Ukrainian Air Defense Limitations
Ukraine’s air defense systems, while effective against aircraft penetrating their engagement zones, cannot effectively counter standoff glide bomb attacks launched from Russian airspace. This operational reality creates asymmetric advantage for Russian aviation, enabling sustained bombardment campaigns without proportionate aircraft losses that would normally constrain such intensive operations.
Partner-Supplied Missile Restrictions
Western restrictions on Ukrainian employment of partner-supplied long-range missiles against targets inside Russia prevent effective counter-air operations targeting Russian airbases hosting strike aircraft. These political constraints, intended to prevent escalation, effectively create sanctuary zones where Russian aviation can operate with reduced risk compared to unrestricted conflict scenarios.
Operational Tempo Sustainability
The new aircraft deliveries enable sustained high operational tempo that would otherwise prove difficult as existing airframes accumulate flight hours and require increasingly intensive maintenance.

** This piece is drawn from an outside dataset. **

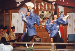 1月1日の元旦祭をはじめ、2月節分や4月3日例大祭、5月2日奥宮祭に数座ずつ奉奏される同神楽。特に元旦に行われる神楽は年が明ける午前0時から3時まで奉奏されるもので、このような例は珍しいという。

Fresh aircraft allow rotating strike packages while older platforms undergo necessary servicing, maintaining consistent pressure on Ukrainian forces without operational pauses.

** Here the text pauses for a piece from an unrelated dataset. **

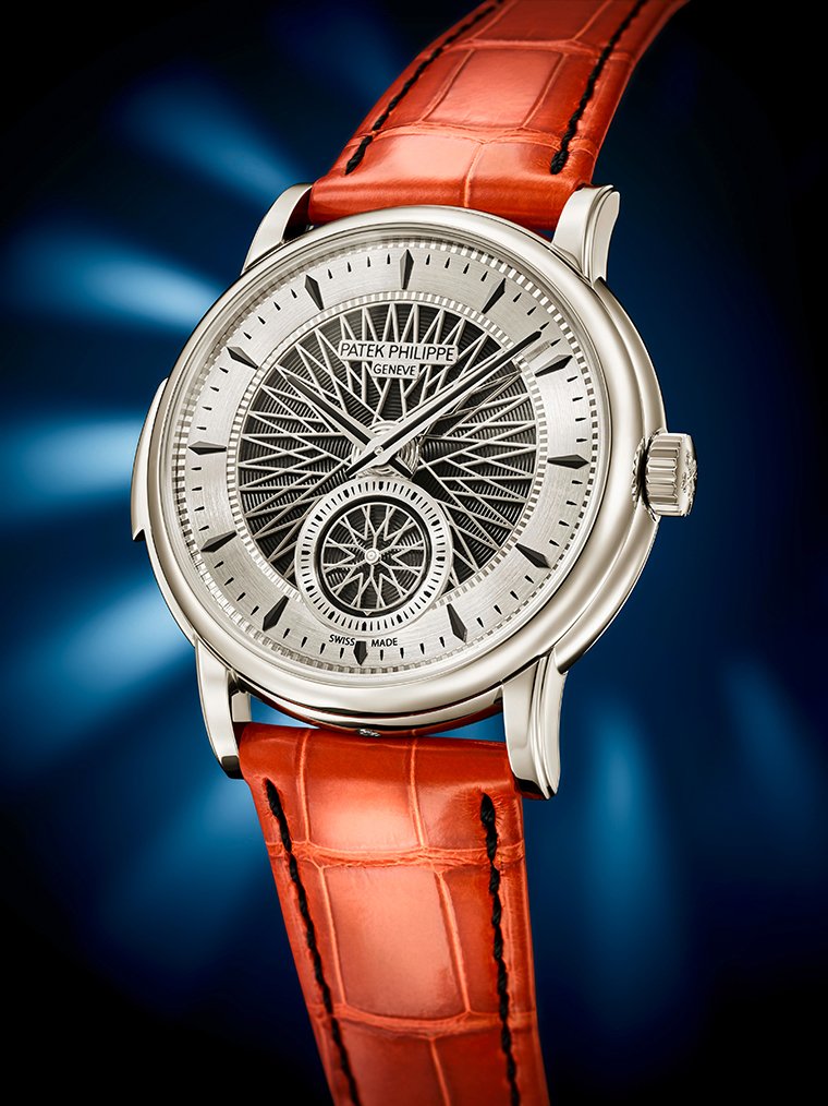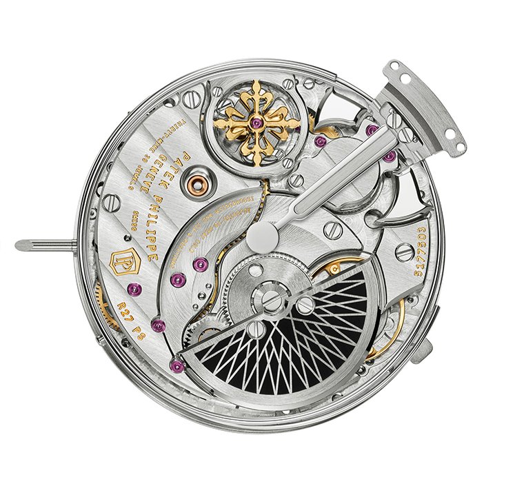 ฝาหลังกระจกแซฟไฟร์ถ่ายทอดให้เห็นภาพของค้อนและลวดฆ้องคลาสสิกของจักรกลมินิท รีพีทเตอร์ เช่นเดียวกับคานเสียงด้วยรูปทรงคล้ายส้อมเสียงที่ประกอบเข้ากับแผ่นออสซิลเลเตอร์โปร่งใสของระบบขยายเสียง fortissimo ส่วนบนตัวครอบของตัวเหวี่ยงหนีศูนย์กลาง (Centrifugal governor) ตกแต่งด้วยสัญลักษณ์ Calatrava Cross ฉลุโปร่ง ซึ่งมั่นใจได้ถึงจังหวะที่สม่ําเสมอของเสียงดีบอกเวลา ขณะที่ภาพอันงดงามโดดเด่นยังเปิดโชว์ให้เห็นทั้งบาลานซ์สปริง Gyromax® ทําจาก Silinvar® โดย Patek Philippe “Advanced Research” ซึ่งเปิดตัวในปี ค.ศ. 2006 เช่นเดียวกับสะพานจักรขนาดใหญ่พร้อมด้วยงานตกแต่งลวดลาย Geneva striping และขอบขัดขึ้นมุมและขัดเงาอย่างพิถีพิถันละเอียดอ่อน รวมถึงมินิโรเตอร์แพลทินัมที่สวยเด่นด้วยลวดลายรัศมีสไตล์เดียวกันกับหน้าปัด สร้างสรรค์ขึ้นด้วยเทคนิคลวดลายพื้นผิวที่ดูดซับแสงโดยใช้เลเซอร์ ทําให้ส่วนต่างๆ บนพื้นผิวนั้นปรากฏเป็นสีดํา สําหรับ นาฬิการุ่นผลิตจํานวนจํากัดแบบพิเศษนี้จะประกอบคู่มากับสายหนังจระเข้สีส้มเงาวาว ตัดด้วยตะเข็บสายสีดําและตัวล็อกสายแบบบาน พับซึ่งทําจากแพลทินัม

Production Rate Implications
Delivering approximately 24 combat aircraft annually demonstrates Russia maintains meaningful military aviation production capacity despite sanctions and economic constraints. While this production rate falls substantially below Soviet-era output when Russian aviation industry supplied aircraft to dozens of nations globally, it suffices for replacing combat losses and modestly expanding tactical aviation strength.
Comparative Production Context
For context, China produces substantially more combat aircraft annually, while Western production focuses on more sophisticated but lower-volume platforms like F-35 variants. Russia’s continued Su-34 and Su-35S production, even at reduced technological sophistication due to sanctions, provides quantitative capacity offsetting qualitative limitations compared to most advanced Western systems.
Also read this: US Approves $686 Million F-16 Upgrade Package for Pakistan
Strategic Implications
Russia’s ability to sustain combat aircraft production and field replacement platforms entering the war’s fourth year demonstrates resilience contradicting some earlier Western assessments predicting rapid Russian defense industrial exhaustion. This production capacity, combined with operational adaptations reducing aircraft exposure, suggests Russia can maintain aviation-intensive operations indefinitely absent major policy changes.
Future Delivery Prospects
If Russia maintains similar production rates, 2026 could see comparable or increased deliveries as defense industry optimization continues and sanctions workarounds mature. However, sustainability questions remain regarding access to critical components, skilled workforce availability, and whether current production rates can continue if the conflict extends beyond 2026.